I'll apply also to AFI, USC, Columbia University NYC und Columia College Chicago. 
Luckily, there is still time until December... I am currently working on the Photo Option
for USC, that's fun as I am a photographer


----------



## Robin101 (Nov 4, 2012)

That's awesome. I'm also applying to AFI, Columbia NYC, and NYU! Is this your first time applying? Can I ask if you're coming straight out of undergrad like I am?


----------



## Moira (Nov 5, 2012)

I have already applied to other schools, but not in the US. I am from Germany and did my Bachelor's degree here in Germany in Photodesign. Now that I earned an award in California this year, I thought why not apply for film school in the US? I've always wanted to study abroad some time and I'd like to go to America. So it is my first application to those schools. I have worked in the film business before I studied photo design and have finished my degree in February and worked in the industry ever since. So I am a graduate and try to do my master's degree in the US. What'S your story?


----------



## Robin101 (Nov 5, 2012)

I will be finishing my undergrad in film and media studies this spring, so this is my first time applying to film schools. I've written, directed and edited a few projects for school that I'm proud enough to send with my application, but aside from that, I don't have any creative film experience in the "film world." I have PA'd on a few independent features, shorts and music videos, so I'm hoping admissions sees that as something.

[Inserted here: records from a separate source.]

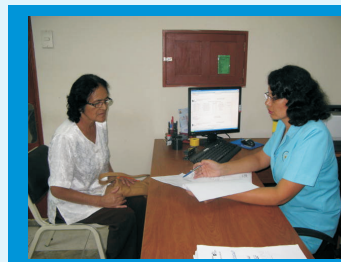
Orientación al paciente y familiares acerca de los cuidados que debe tener antes, durante y después de la quimioterapia

Se brinda atención especializada a los pacientes con cáncer en diferentes estadios, complementándose ello con consejerías y charlas tanto a pacientes como a familiares.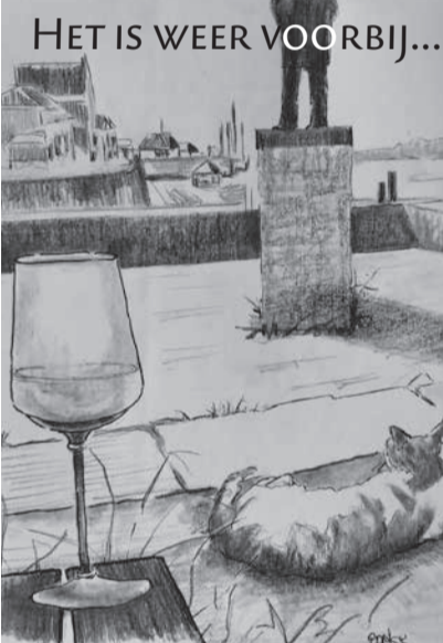
HET IS WEER VOORBIJ...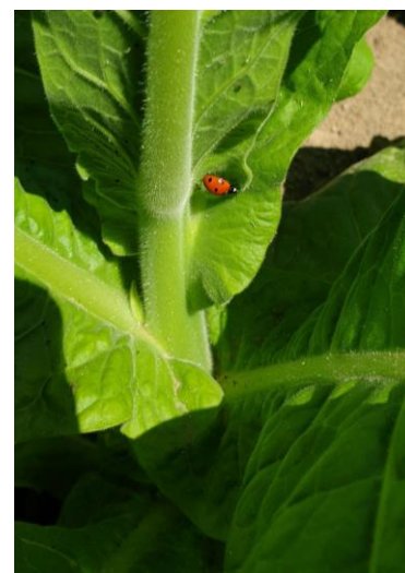
Micro-hyménoptère (à gauche), syrphe sur feuille de tabac (au milieu) et coccinelle (à droite)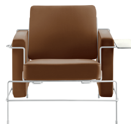
Frame: White 5011 Leather: Brown L-0111 Tablet: White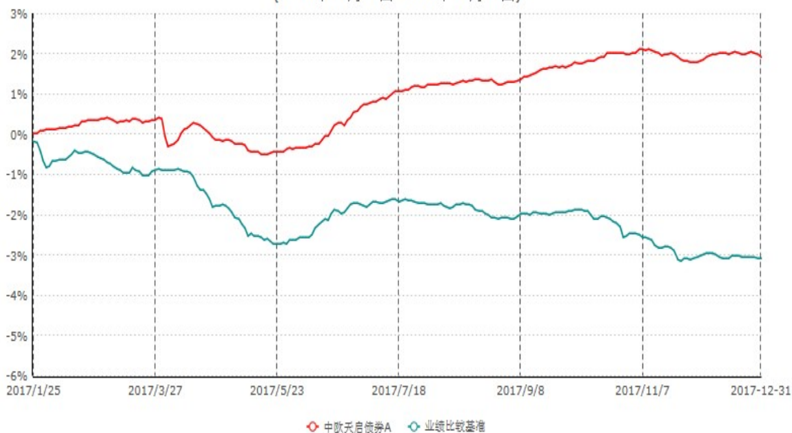
中欧天启债券A累计净值增长率与业绩比较基准收益率历史走势对比图 (2017年01月25日-2017年12月31日)

注：本基金基金合同生效日期为 2017 年 1 月 25 日，自基金合同生效日起到本报告期末不满一年，按基金合同的规定，本基金自基金合同生效起六个月为建仓期，建仓期结束时本基金的各项资产配置比例已达到基金合同的规定。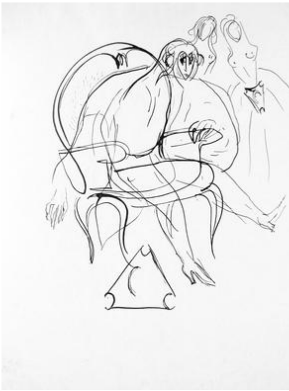
Dessin de Jacques Audiberti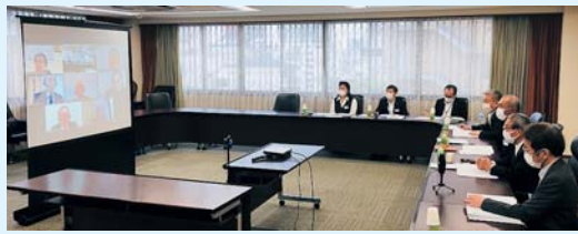
▲県連合会でWeb会議に接続している様子

5月19日、兵庫県商工会館で開催され、今後開催される理事会、総会の議題について協議した。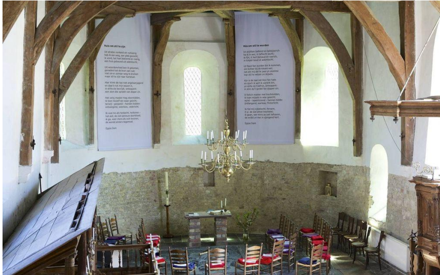
De altaartafel in de St Radboudkerk te Jorwert

Ik had het kunnen weten, want ik heb verscheidene malen in Engelbert en Jorwert dienst gedaan! Nadat de kerk van Engelbert voor onze huidige kerk werd verlaten, is de ambo daar nog wel even gebruikt, maar het altaar niet.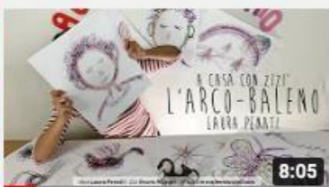
A casa con Zizi - Arcobaleno... in un...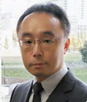
厚生労働省 社会・ 援護局 障害福祉課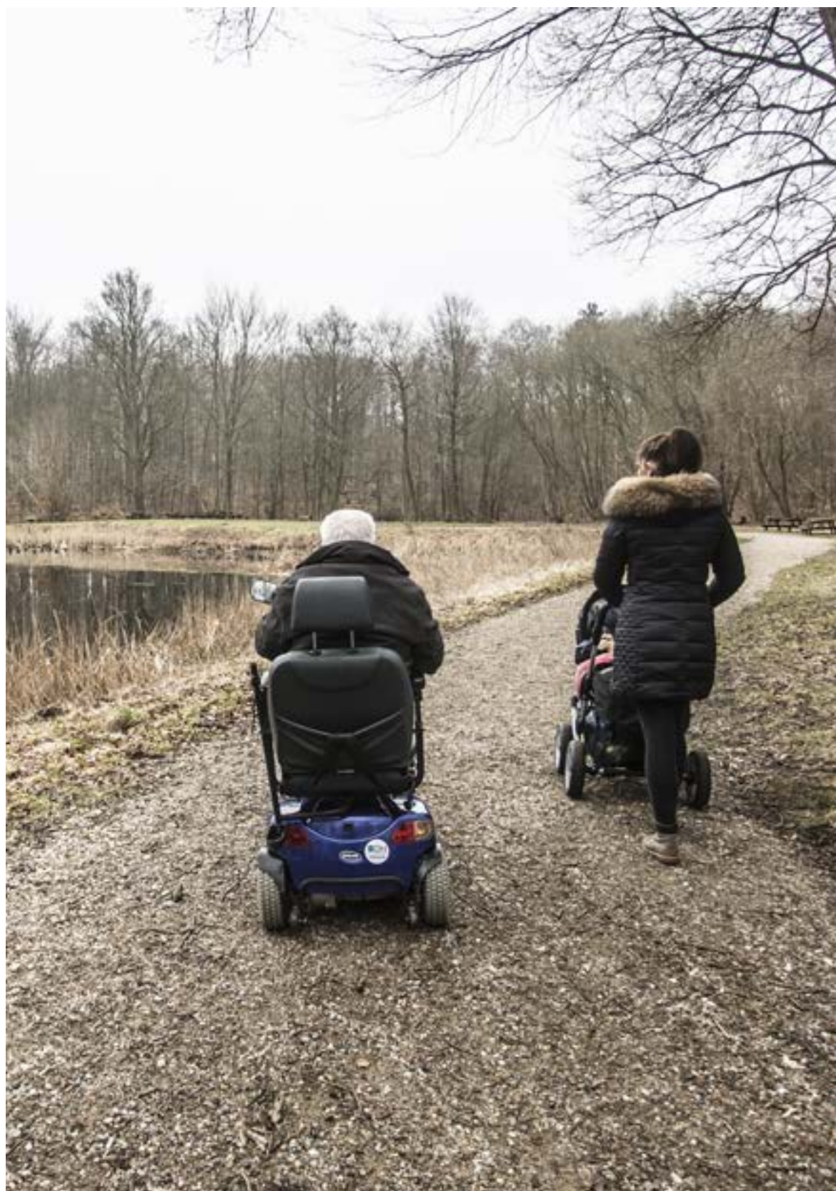
Faste skovstier giver mulighed for, at alle kan bevæge sig ud i naturen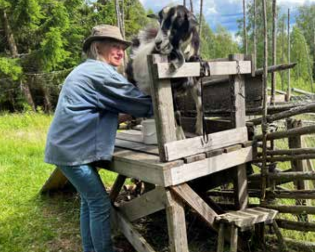
Vad fan är det här, glöm det!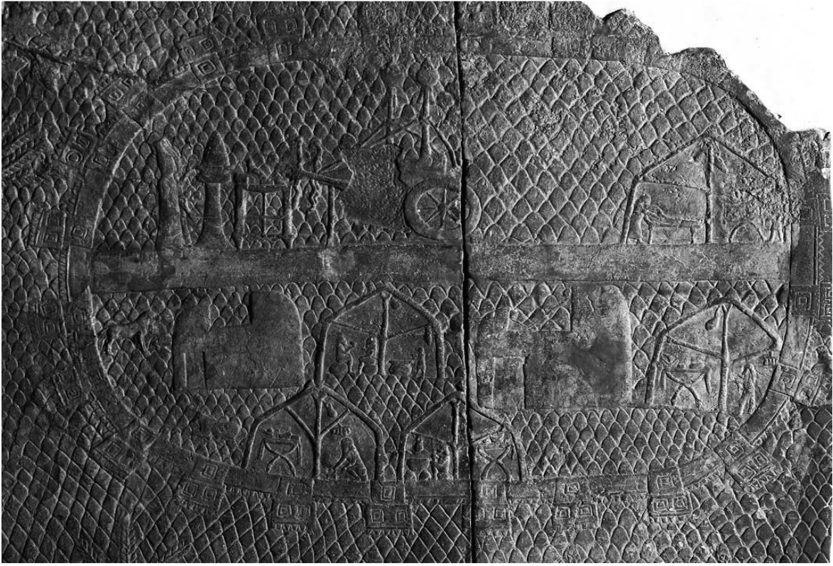
Şekil 3: (Ninova Güney batı sarayı) İlahi sembollerle iki tekerli araba, kurban masası, bir tütsü standının yanında ayakta duran iki din adamı ve çadırlarla bir Asur Takviye kampı (British Müzesi'nden) (Collins, 2014: 625).

But yeah, I've been reading these forums for two years waiting for my chance to post about my experience and find camaraderie with other suffers, but it's been so quiet! Hopefully, with the one application deadline out the door, other posters will come flying in? 

Anyone out there want to share background/experiences/hopes/dreams?


----------



## nateflies (Nov 7, 2012)

Hello,

It's kinda fun reading all these different posts about the upcoming UCLA 2013 year in directing/producing.  I know UCLA sort-of prides itself on bringing in a diverse group of filmmakers, which is partially what draws me so much to their program.  I've been creating films since I was a kid, but have spent the last 7 years since my undergrad as an aviator in the military.  Having done this, I've added quite a bit of depth to my life experience and feel it shows in my more recent projects.  Whether I make it in or not, I'm still excited to discuss filmmaking with others who love it as much as I do : )


----------



## Robin101 (Nov 7, 2012)

Hey Nateflies,

An aviator? That sounds quite impressive! What kinds of films are you interested in making?


----------



## nateflies (Nov 7, 2012)

Well, through the years I've made many films.  Three feature-length films that were dramas, a feature-documentary and numerous shorter films with more silly subject-matter.  My heart is in making films that really impact how people feel when they are watching them.  I like to get really in-tune with the mood of a film, if that makes sense.  And everything in that film supports that mood and theme. I haven't decided exactly what kind of film i'm going to tackle if I get accepted, but, right now, I'm leaning towards a sort-of cyberpunk thriller/drama of sorts.  What about you?


----------



## Robin101 (Nov 18, 2012)

Lately, I've been writing mostly small character portraits. Ideally, I'd like to write and direct shorts for a living, 30 minutes or less, because at this point in my career, I can't really see myself doing many features.


----------



## nateflies (Nov 19, 2012)

I'm not sure features are what I want to do yet, but that's sort of what I'm hoping to discover over the next few years...

Working on shorts is a good plan, esp for now.  I think that's something every filmmaker can benefit from.  I would love to do more myself, for sure!


----------